The Batgirl you’ll never see: why some films disappear for ever

Leslie Grace as Batgirl in the cancelled DC Comics film.
Leslie Grace as Batgirl in the cancelled DC Comics film. Photograph: DC Films

There was a time when being sent straight to video was about the most ignoble fate a would-be movie blockbuster could suffer: the vision of its makers confined to the dimensions of a television screen, never to be enjoyed by more than a sofa-full of people in one sitting. In the modern age, that fate became less tangible still: demoted to streaming, many good films even now float in a strange digital purgatory, sometimes connecting with sizeable audiences, yet rarely acquiring the tangible cultural currency of a hit in cinemas.

Still, such films – like Prey, for example, a surprisingly good Predator prequel that skipped cinemas to premiere last week on Disney Plus – can at least be seen, and widely so, by those inclined. Right about now, the creative team behind Warner Bros’ addled comic-book film Batgirl would gladly accept that outcome, after being dealt a far rarer and more egregious humiliation. Last week, it was announced that the near-complete film, having already racked up a budget of $90m, would not be released at all – not even on the Warner-owned streaming service HBO Max.

Scoob!: Holiday Haunt
Scoob!: Holiday Haunt – was it bad or did the numbers just not add up? Photograph: Warner Bros

Also scrapped in the same announcement was the streaming-oriented animated Scooby-Doo prequel Scoob!: Holiday Haunt, though that unsurprisingly generated fewer headlines: in this age of superhero saturation, the industry was immediately abuzz with questions over how Batgirl’s wings could have been so brutally clipped. “Just how bad is it?” people asked, as reports of chilly test-screening reactions were dredged up.
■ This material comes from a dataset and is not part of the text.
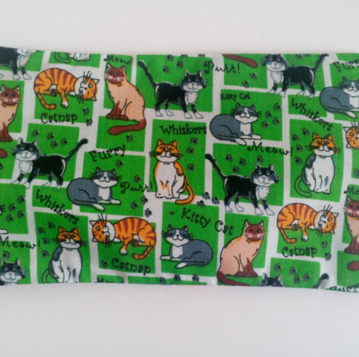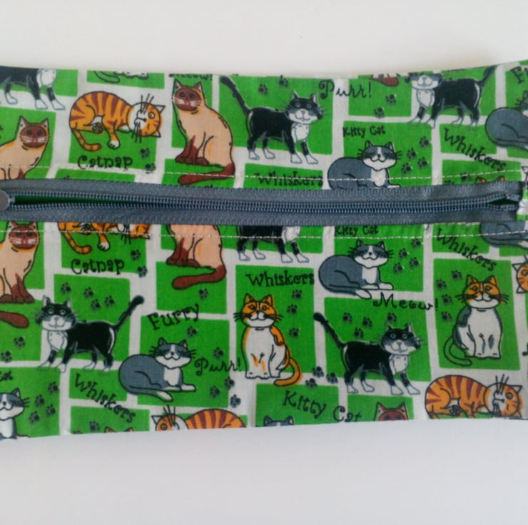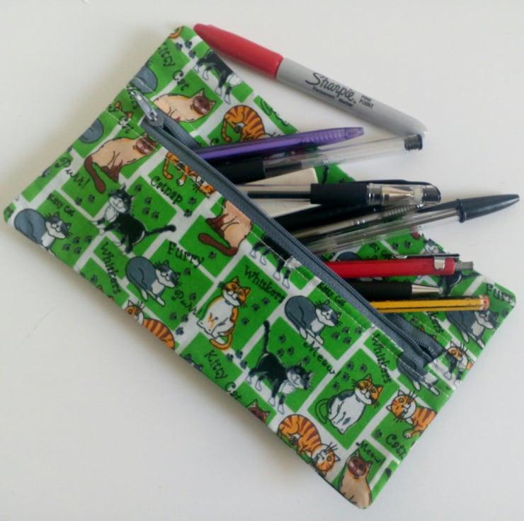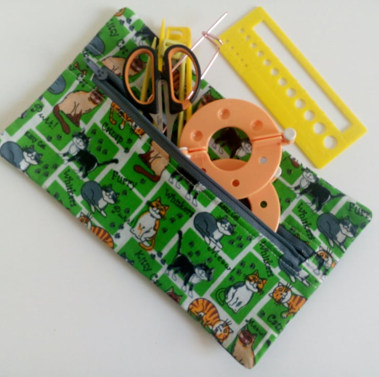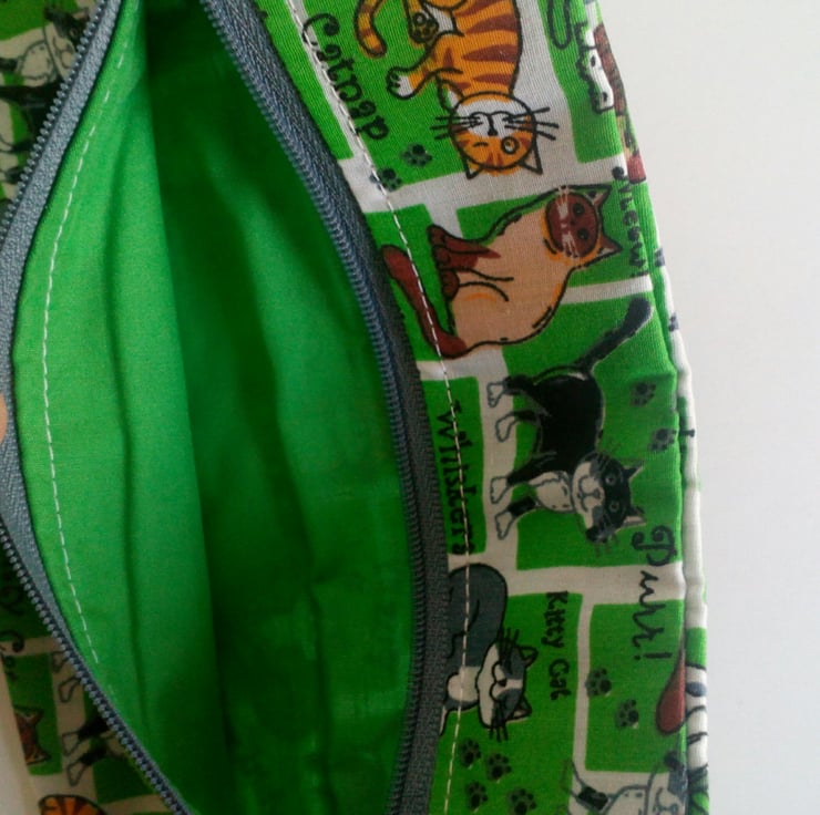 Green zipped polycotton pencil case with a cat design. It measures approx 23cm x 13cm with a front zip and fully lined with a green polycotton lining.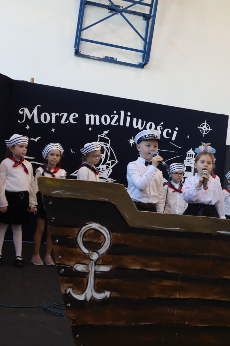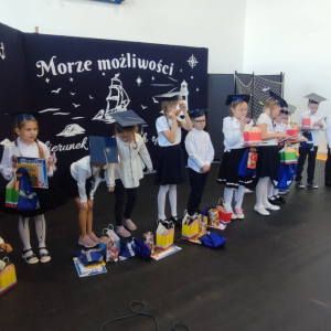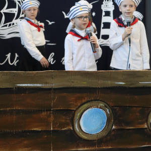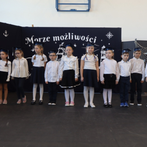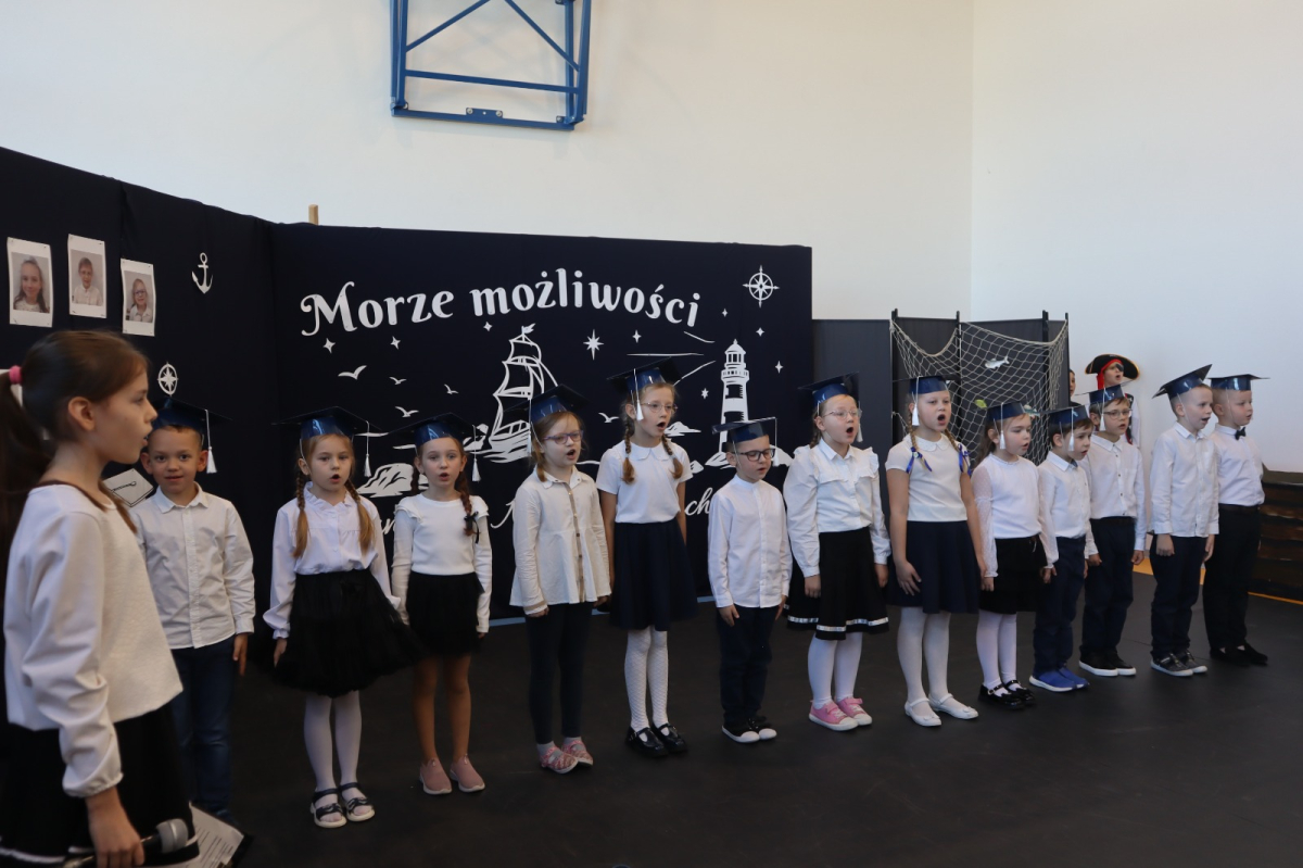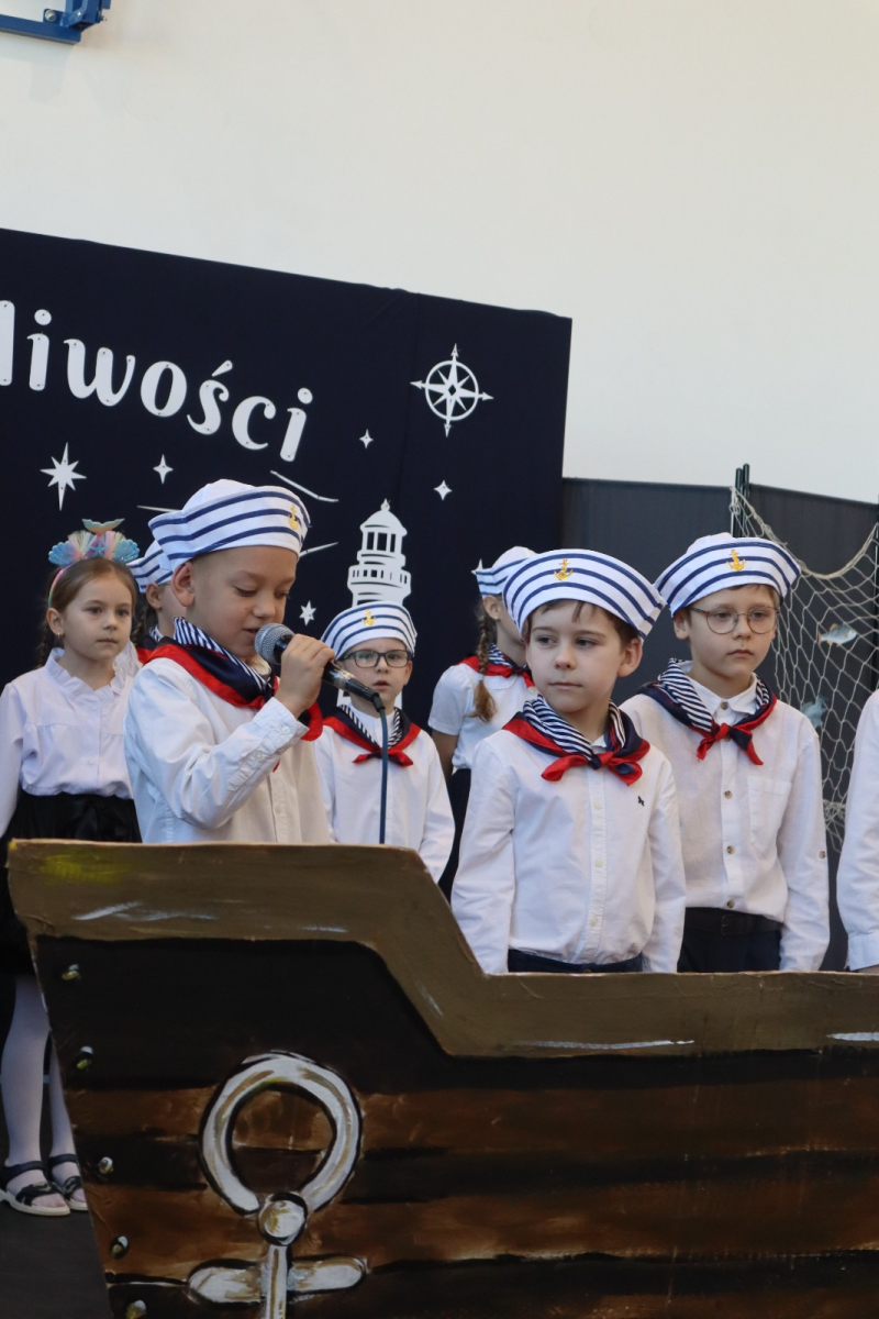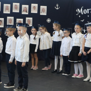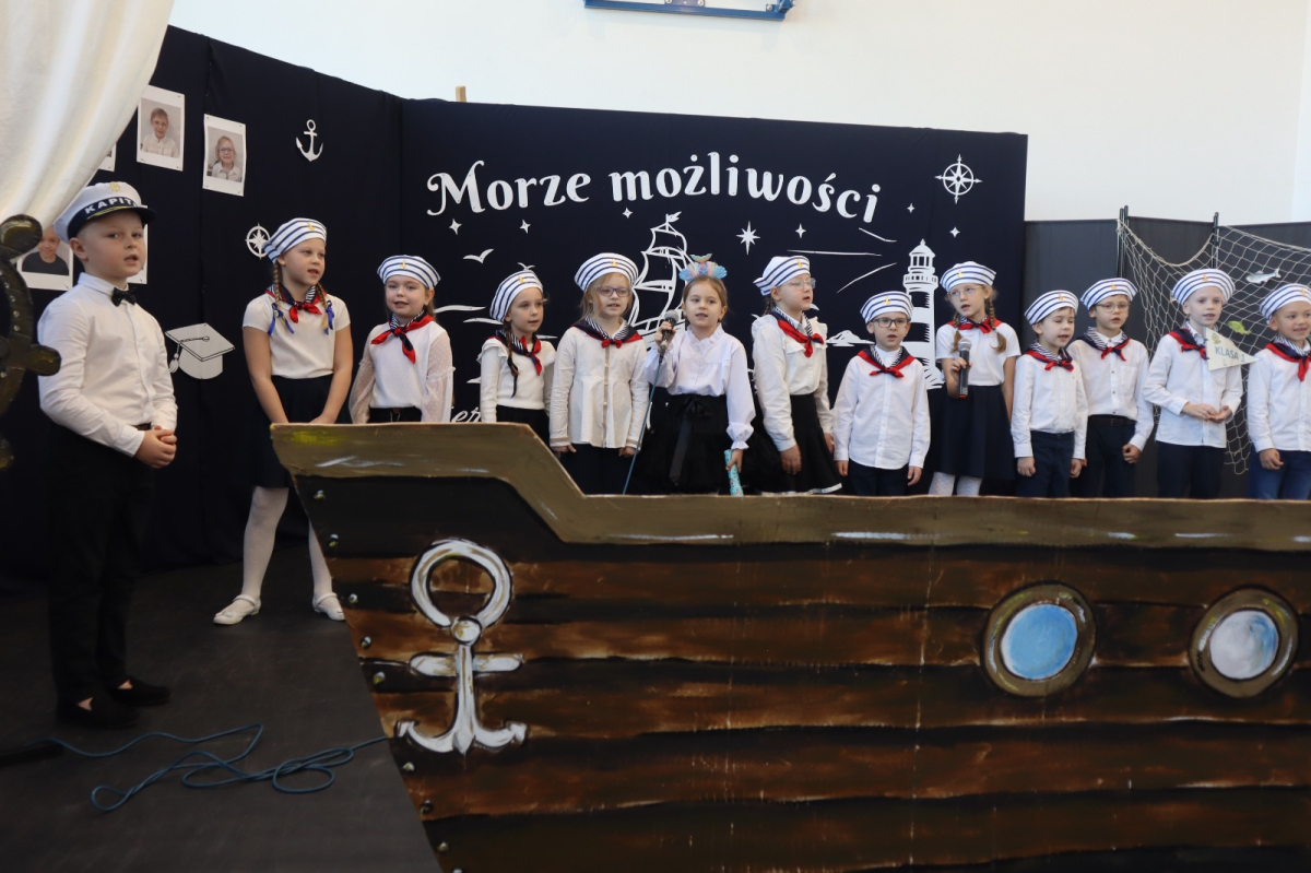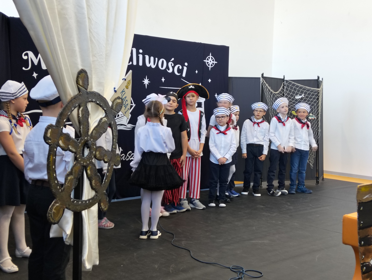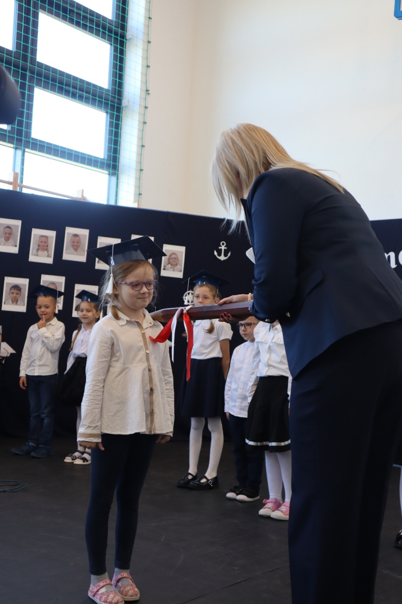 W dalszej części, uczniowie klasy pierwszej zaprezentowali program artystyczny w stylu marynistycznym, przygotowany pod kierunkiem wychowawczyni Pani Ilony Pokusy, w którym zaprezentowali swoje niezwykłe talenty wokalne, recytatorskie i taneczne. Po występach nastąpił najważniejszy moment – akt ślubowania, podczas którego 13-ścioro dzielnych i zdolnych uczniów, czego dowiedli w czasie występu, złożyło uroczystą przysięgę, zobowiązując się do sumiennego wypełniania obowiązków ucznia, dbania o dobre imię szkoły oraz bycia dobrym kolegą i koleżanką. Po złożeniu ślubowania przyszła pora na pasowanie, którego dokonała Pani Dyrektor, poprzez symbolicznie dotknięte ołówkiem. Na zakończenie Pierwszoklasiści otrzymali dyplomy i drobne upominki.

Trade rag the Wrap reported that Warner’s new management team, led by CEO David Zaslav, felt the film “simply didn’t work”: once conceived for HBO Max, then lined up for theatrical distribution, it was allegedly felt that the Batman spin-off didn’t have the event-movie heft the studio required of its DC Comics properties.

Others suggested the issue wasn’t one of quality but cold hard numbers, which weren’t tracking well enough to justify the expense of marketing and releasing the film at any level: taking a tax write-down on Batgirl and Scoob!: Holiday Haunt was, reported Variety, seen as the safest way to recoup their costs. “We are incredibly grateful to the film-makers and their respective casts and hope to collaborate with everyone again in the near future,” read the studio’s bland statement, though you have to wonder why the talent involved would follow up on that tentative invitation.

Batgirl’s directors, Adil El Arbi and Bilall Fallah – a flashy Belgian-Moroccan duo who had a 2020 smash with Bad Boys for Life, and whose far smaller-scale arthouse provocation Rebel premiered at Cannes in the spring – have been vocal in their blindsided dismay; the film’s Latina star, Leslie Grace, has limited herself to thanking her fans and collaborators. Industry watchdogs, meanwhile, wonder whether the studio’s accounting gambit is worth the ugly optics of junking a superhero film made and headlined by people of colour. El Arbi, Fallah and Grace can’t even count themselves in especially distinguished or plentiful company: the list of major films produced but never released in any capacity is not a long one.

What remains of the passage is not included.